Magnetic order and 5d1 multipoles in a rhenate double perovskite Ba2MgReO6

TL;DR

This study investigates the structural and magnetic properties of Ba2MgReO6, revealing complex multipole interactions and challenging previous assumptions about its phase transitions, supported by x-ray and neutron diffraction data.

Contribution

It provides a new model for Re wave functions and clarifies the nature of multipoles and magnetic order in Ba2MgReO6, contrasting prior interpretations of structural transitions.

Findings

Structural transition not driven by T2g quadrupoles

Magnetic order involves two propagation vectors

Predicted electronic quadrupole and magnetic dipole signatures

Abstract

Structural and magnetic transitions in a double perovskite hosting 5d1 Re ions are discussed on the basis of recently published high-resolution x-ray diffraction patterns [D. Hirai, et al., Phys.
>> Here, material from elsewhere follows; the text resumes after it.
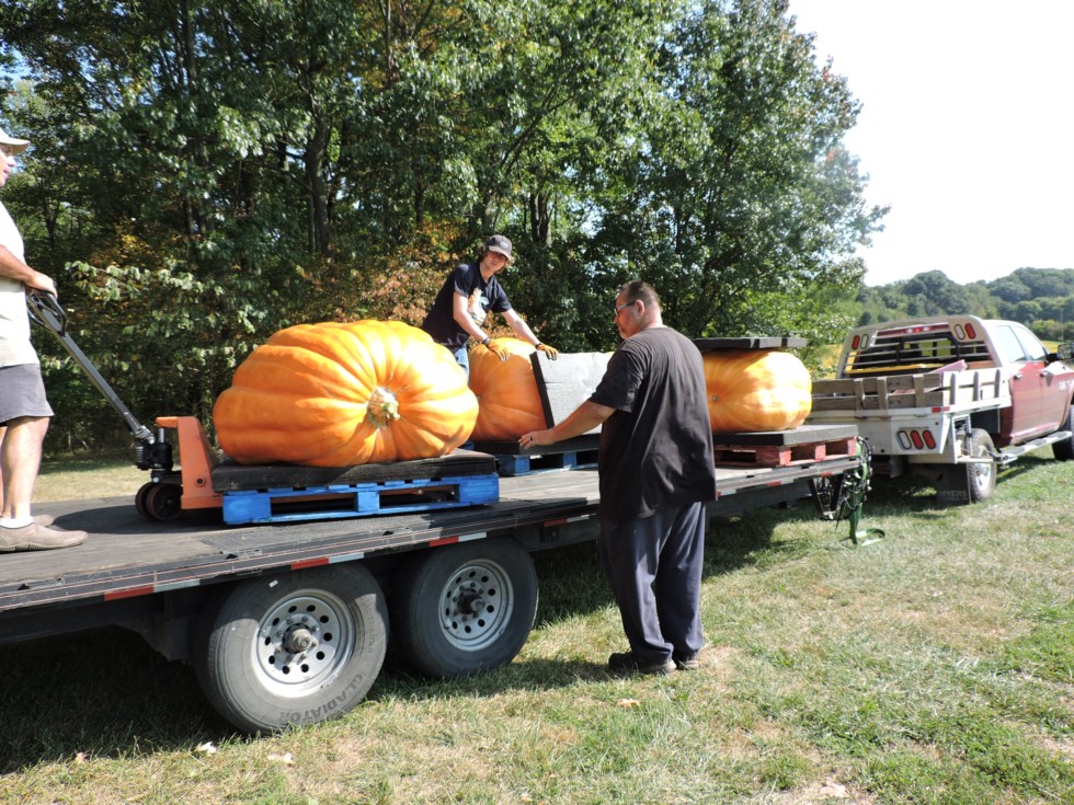 Over the years, we learn to grow pumpkins, and we also learn that the best part is the friends we make along the way. Chuck Greathouse and Dave Stelts are loading the pumpkins.

Rev. Res. 2, 022063(R) (2020)]. A reported structural transition below room temperature, from cubic to tetragonal symmetry, appears not to be driven by T2g-type quadrupoles, as suggested. A magnetic motif at lower temperature is shown to be composed of two order parameters, associated with propagation vectors k = (0, 0, 1) and k = (0, 0, 0). Findings from our studies, for structural and magnetic properties of Ba2MgReO6, surface in predicted amplitudes for x-ray diffraction at rhenium L2 and L3 absorption edges, and magnetic neutron Bragg diffraction. Specifically, entanglement of anapole and spatial degrees of freedom creates a quadrupole in the neutron scattering amplitude. It would be excluded in an unexpected scenario whereby the rhenium atomic state is a manifold. Also, a chiral signature visible in resonant x-ray diffraction will be one consequence of predicted electronic quadrupole and magnetic dipole orders. A model Re wave function consistent with all current knowledge is a guide to electronic and magnetic multipoles engaged in x-ray and neutron diffraction investigations.